Neurochemical and behavioral effects of m-CPP in a rat model of tardive dyskinesia.

Present study was designed to monitor the responsiveness of 5HT (5-Hydroxytryptamine) -2C receptors following the long-term administration of haloperidol in rats. Effects of m-CPP (meta-Chlorophenyl piperazine) were monitored 48 h after withdrawal from repeated (twice a day for 5 week) administration of haloperidol (at the dose of 1 mg/kg). Vacuous chewing movements (VCMs) were monitored on weekly basis.
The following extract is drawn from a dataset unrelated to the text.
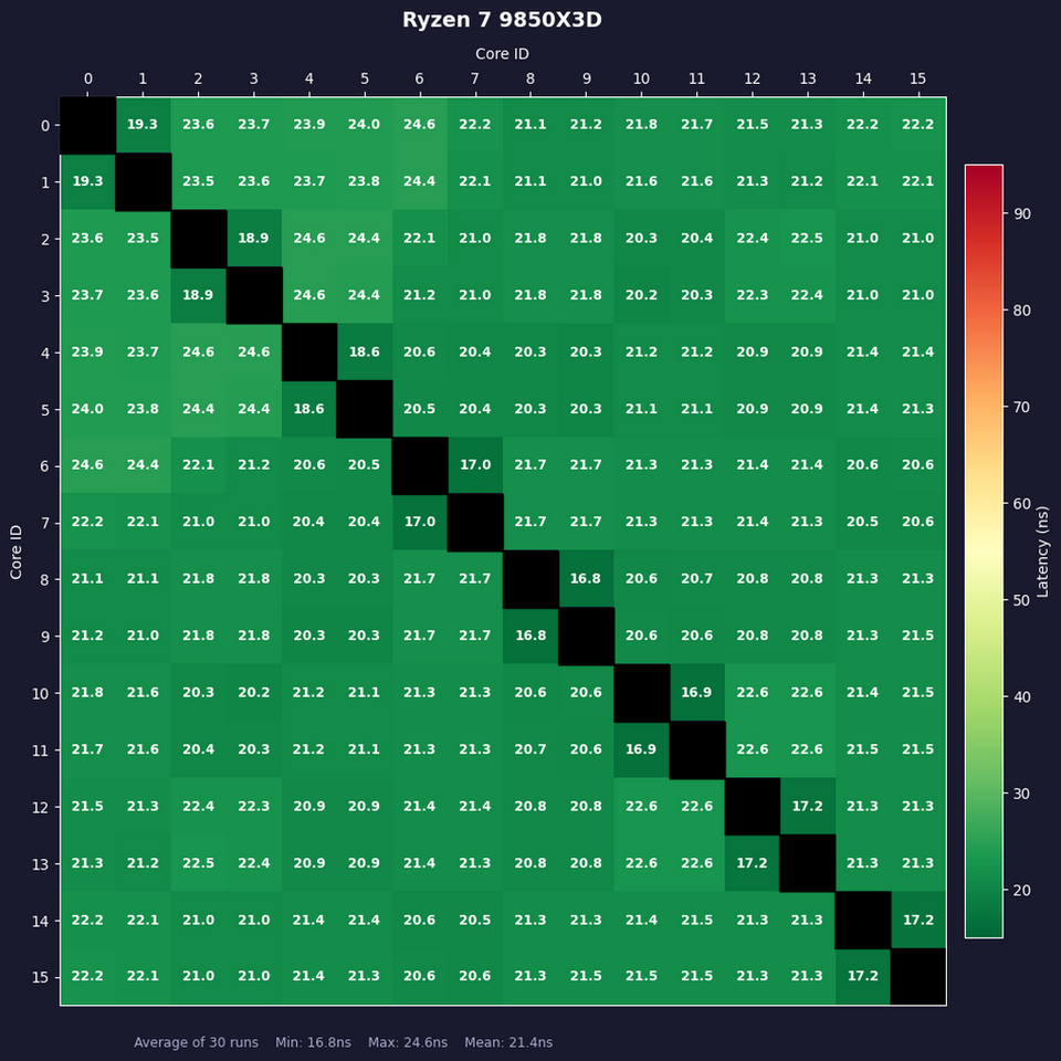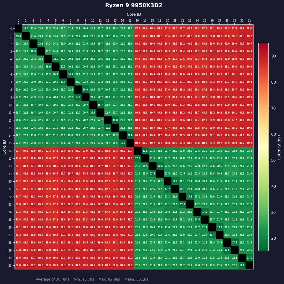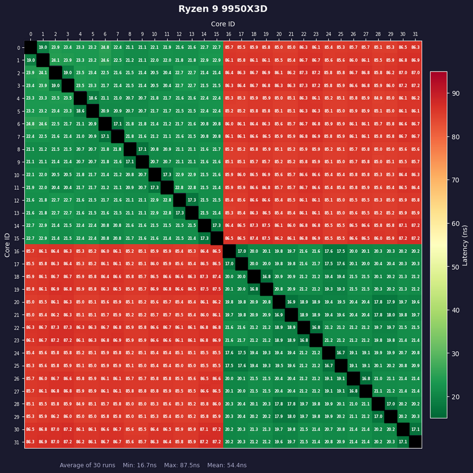 3D V-Cacheを2基追加したことで、コア間レイテンシーは変わったのだろうか? ここでは「core-to-core-latency-plus」を用いコア間レイテンシーを計測、その結果からヒートマップを作成した。コアのペアにつき5,000回計測、それを全ペアについて300回サンプルした平均をとる作業を1セットとし、30セット繰り返した後に平均値を算出したのが以下の図である。緑が濃くなるほど低レイテンシー、赤が濃くなるほど高レイテンシーである。

Two days after withdrawal, animals were injected with saline (1 ml/kg of body weight) or m-CPP (3 mg/kg of body weight). Activities in open field and light dark activity box were monitored 15 and 30 min post injection respectively. Animals were then decapitated (4 h post injection) to collect dorsal striatum (DS) samples for the neurochemical analysis by HPLC-EC (High Performance Liquid Chromatography with Electrochemical detection) method. Results from the present study showed significant hypolocomotive effect of m-CPP (p<0.05) in both repeated haloperidol as well as repeated saline injected rats. Neurochemical analysis of DS by HPLC-EC method showed that administration of m-CPP significantly (p<0.05) decreased 5-HIAA (5-Hydroxyindol acetic acid) in repeated haloperidol injected rats. In conclusion, present study provides evidence that 5HT-2C receptors become hypersensitive in a rat model of Tardive Dyskinesia (TD). These findings have potential implication in the treatment of TD and attenuation of EPS induced by typical neuroleptics.